Jeff Schultz

This AJC sports blogger takes things seriously when he has to, but he really would rather not

Weekend Predictions: Dogs, Jackets win easily, Falcons finally go down

Welcome back to Weekend Predictions, where by going 10-3 against the spread last week we again validated our mission statement, which is to put you on the road to financial freedom by providing valuable insight into the complex world of sports investment strategy and international markets, although I'm not really sure what an international market is, possibly a Winn Dixie just outside of Tuscany.

Providing this 100-percent guaranteed (give or take) advice means sometimes looking at news items outside the sports world, such as this statement from Groper In Chief Donald Trump.
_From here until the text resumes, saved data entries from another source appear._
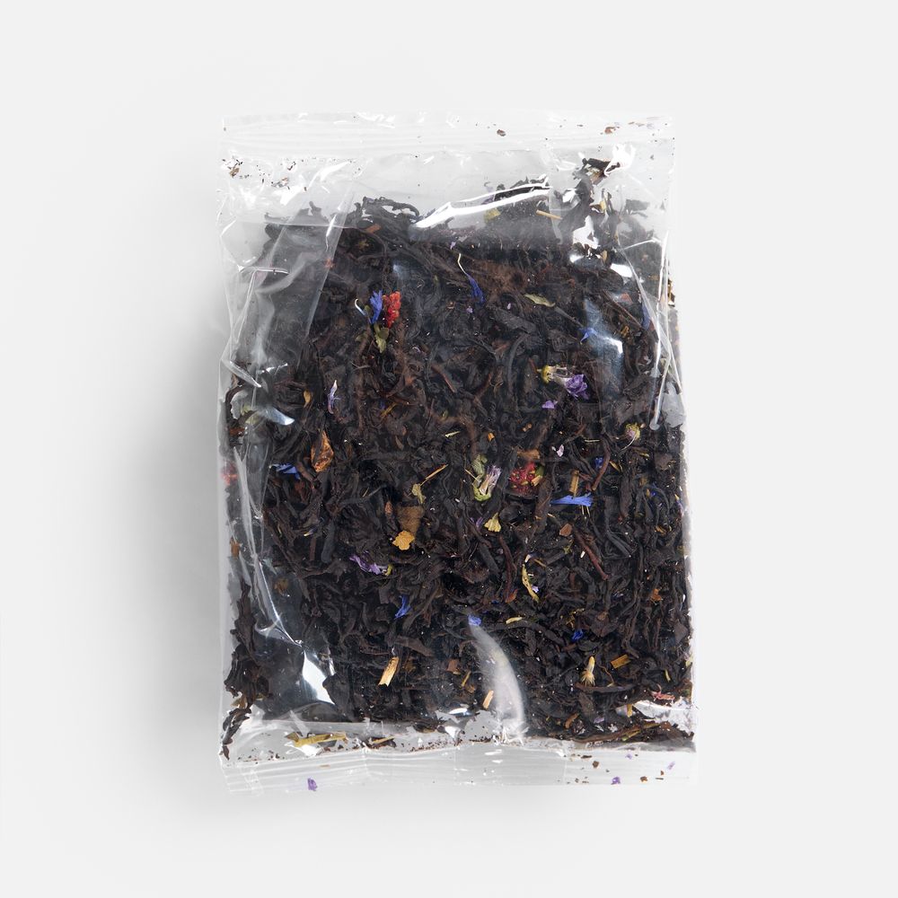 Состав: черный индийский чай, сушеная клубника, клубничный лист, цветки василька, ароматизатор «клубника».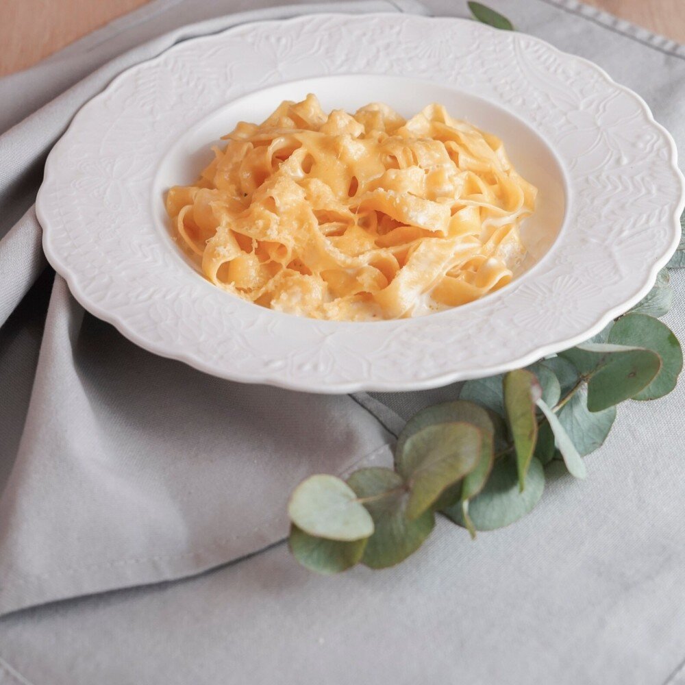 Фетучини / сырный соус / сыр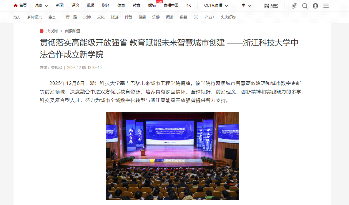 央视网:贯彻落实高能级开放强省 教育赋能未来智慧城市创建 ——浙江科技大学中法合作成立新学院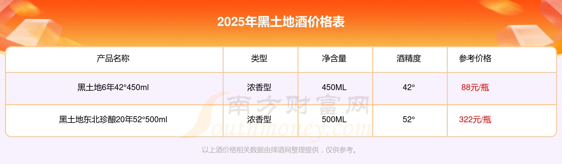 黑土地東北珍釀20年52°500ml參考價322元/瓶、黑土地6年42°450ml參考價88元/瓶。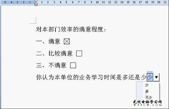 再次單擊“增加”按鈕,繼續添加新的選擇內容,直到將可選擇內容添加完畢,單擊“確定”關閉對話框,最后單擊“保護窗體域”即可。這樣,當我們在用鼠標點擊窗體域時,就會彈出可選擇的選項(如圖4),單擊相應選項即可完成選擇。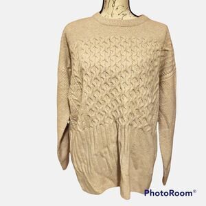 Madewell Ladies Size Medium Almond Patchwork Cable Knit Sweater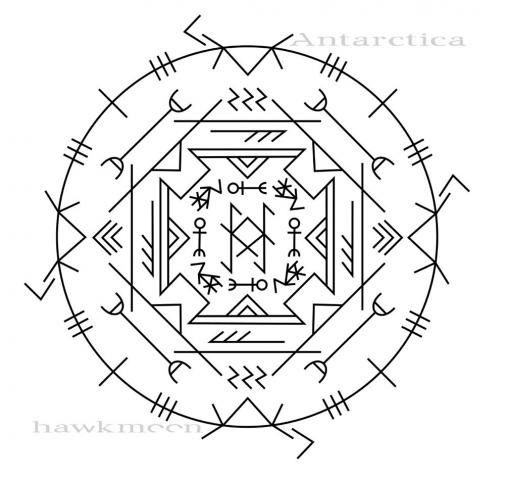 Уруз пп + Совило зп + 2 Тейваз пп + Райдо пп + Хагалаз (звездочкой) + Хагалаз вп (как в СФ) + Изгоняющий Крест пп вп (Райдо + Наутиз)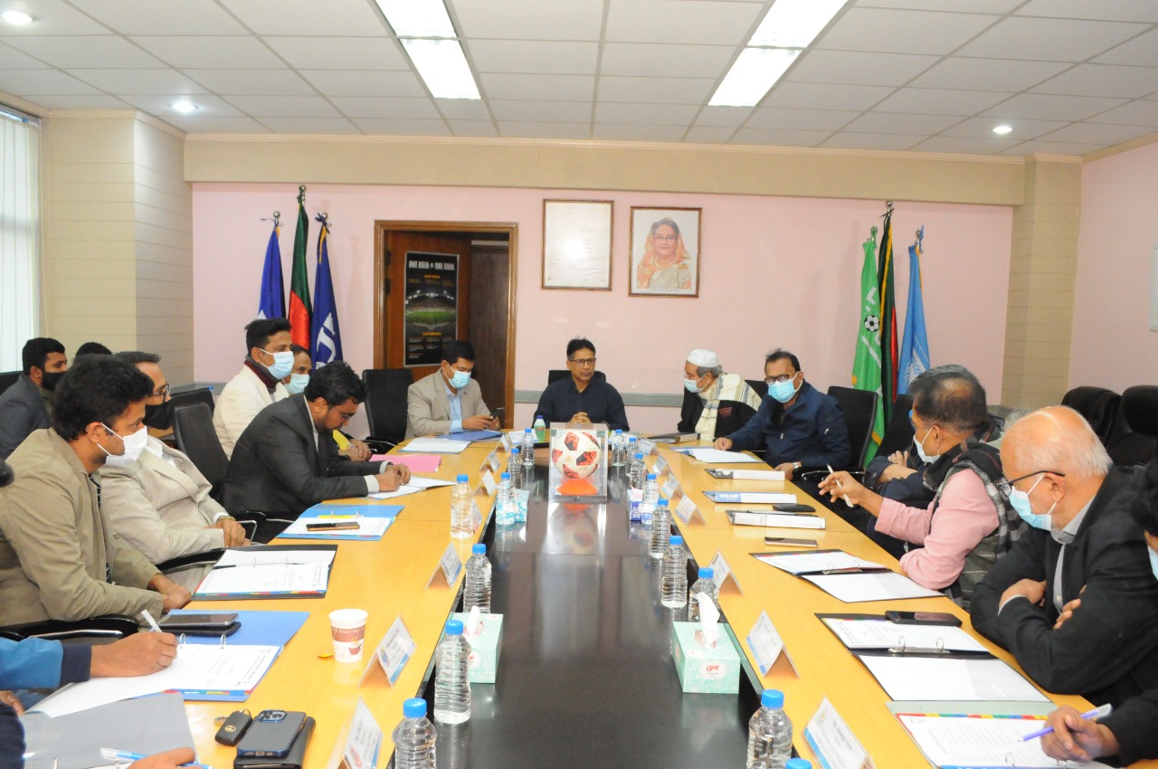 The 2nd emergency meeting of the ‘BFF Professional League Management Committee’ formed on the occasion of the 2021-22 football season, was held today, 29-01-2022 at 3:00 pm on the 2nd floor boardroom of BFF building. The meeting was chaired by the Chairman of the Committee Mr. Abdus Salam Murshedy, MP. The meeting was also attended by Deputy Chairman of the Committee and General Secretary of BFF Mr. Md. Abu Nayeem Shohag and other members.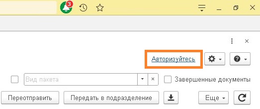 2. В правом верхнем углу программы 1С, нажимаем на кнопку «Авторизуйтесь».
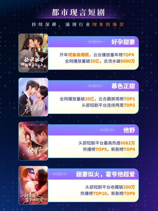例如2024年,阅文集团推出的精品短剧《万道龙皇》72小时内流水超千万,女频赛道的精品短剧《叮!我的首富老公已上线》48小时内流水突破1200万。再到2025年,阅文又推出开年现象级爆款《好孕甜妻》《他野》《甜妻似火,霍爷他超爱》《庶女以身入局》《离家后我带着女儿涅槃重生》等多元化多题材爆款作品。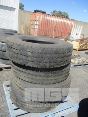 4 x DUNLOP SP581 S/H TRUCK TYRES, 11R 22.5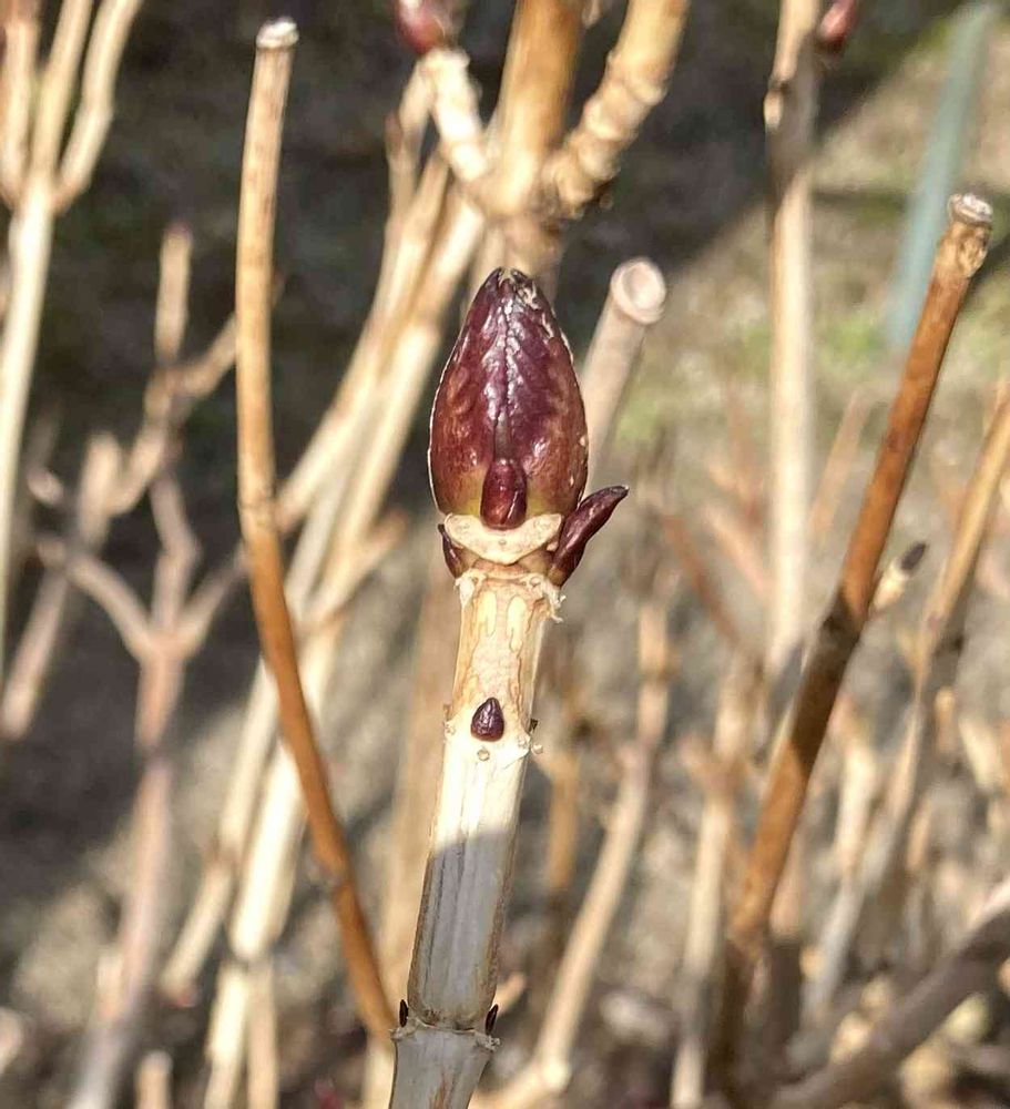 まだまだ寒い2月の新潟で、アジサイは新芽を出す準備を始めています🌱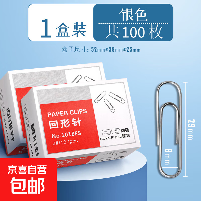 【特价专享】学生学习初中生高中用办公用品文具 镀镍防锈回形针 1盒【银色】共100枚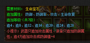 追加属性需要生命宝石,防御、防御率、攻击、生命恢复这些都是可以追加的哈,武器只追加攻击属性、装备只追加防御属性,追4为追加攻击或防御值+4,追的等级越高装备越高级。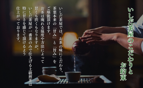 太田川の清流に育てられた森の一番茶の中から厳選して作った最も自信を持ってお届けする深蒸し茶です。 新茶出始めの四月下旬に摘まれた最も若葉の中から、さらに味の良いものだけを選んで仕上げました。爽快な若芽の香りと、濃厚な甘み、旨味が特長の当店最高級のお茶です。贈答用にはもちろんのこと、お茶好き・お茶通の方にはぜひ、お試し頂きたい一品です。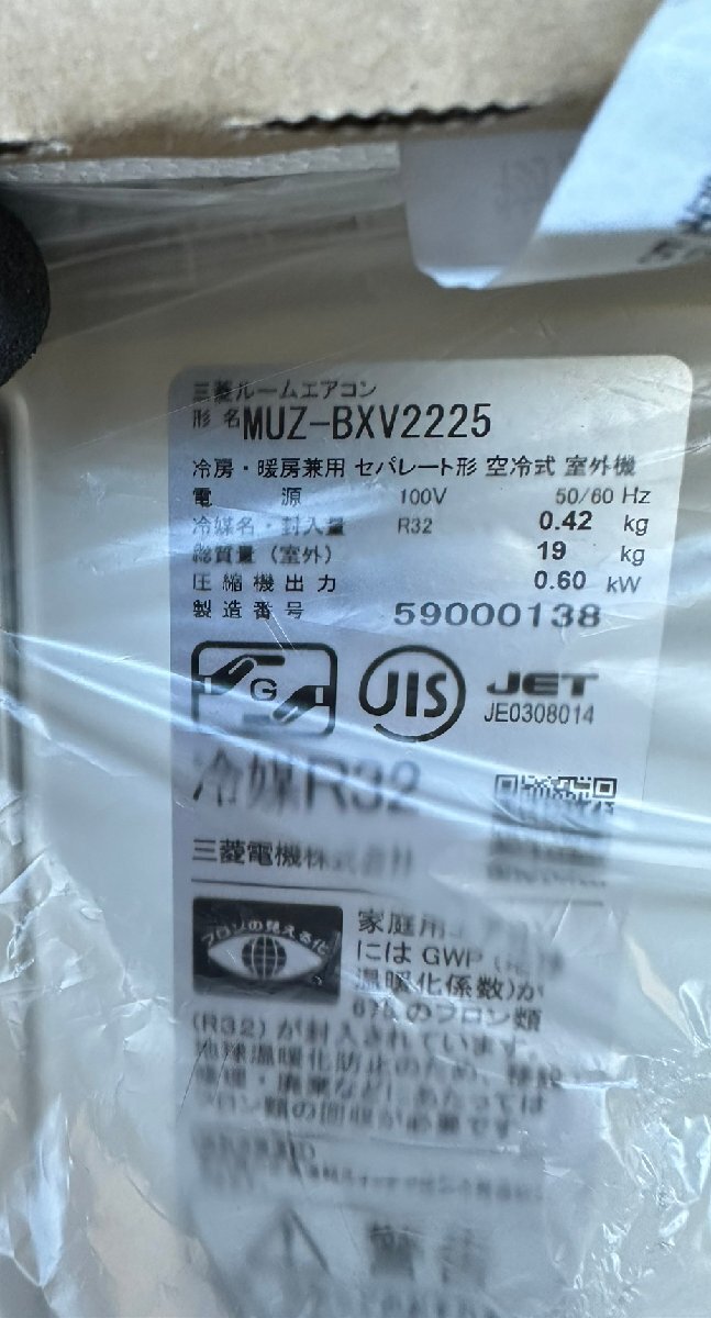 【MITSUBISHI(三菱電機) ルームエアコン 霧ヶ峰 室外機のみ MUZ-BXV2225】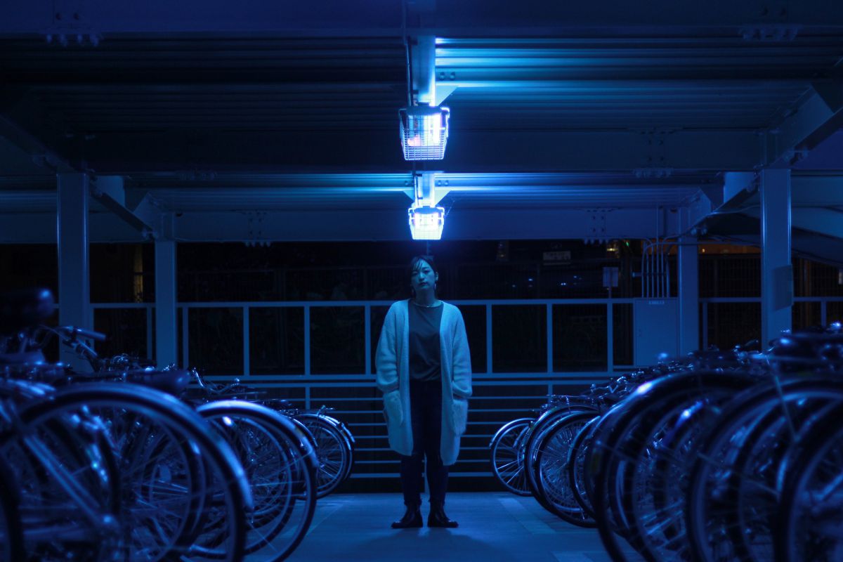こちらの写真をご覧ください。この写真は、ブルーのライトがかっこいい、どこにでもある自転車置き場で撮影したもの。よく見ると、シンメトリー(左右対称)になっています。

On Thursday, Trump took a break from alienating every possible life form in our solar system -- with the possible exception of those 12 people who still believe he's fit to run the country, control nuclear weapons and operate their boiled peanuts empire -- to utter this after a woman fainted in his audience: "That woman was out cold, and now she's coming back. See, we don't go by these new, and very much softer, NFL rules. Concussions ... uh, oh, got a little ding on the head? No, no, you can't play for the rest of the season ..."

Recent Weekend Predictions results affirms our mission. (via

I would love to put Trump in touch with some who've suffered from head trauma and CTE. Unfortunately, they are dead. I know. Convenient.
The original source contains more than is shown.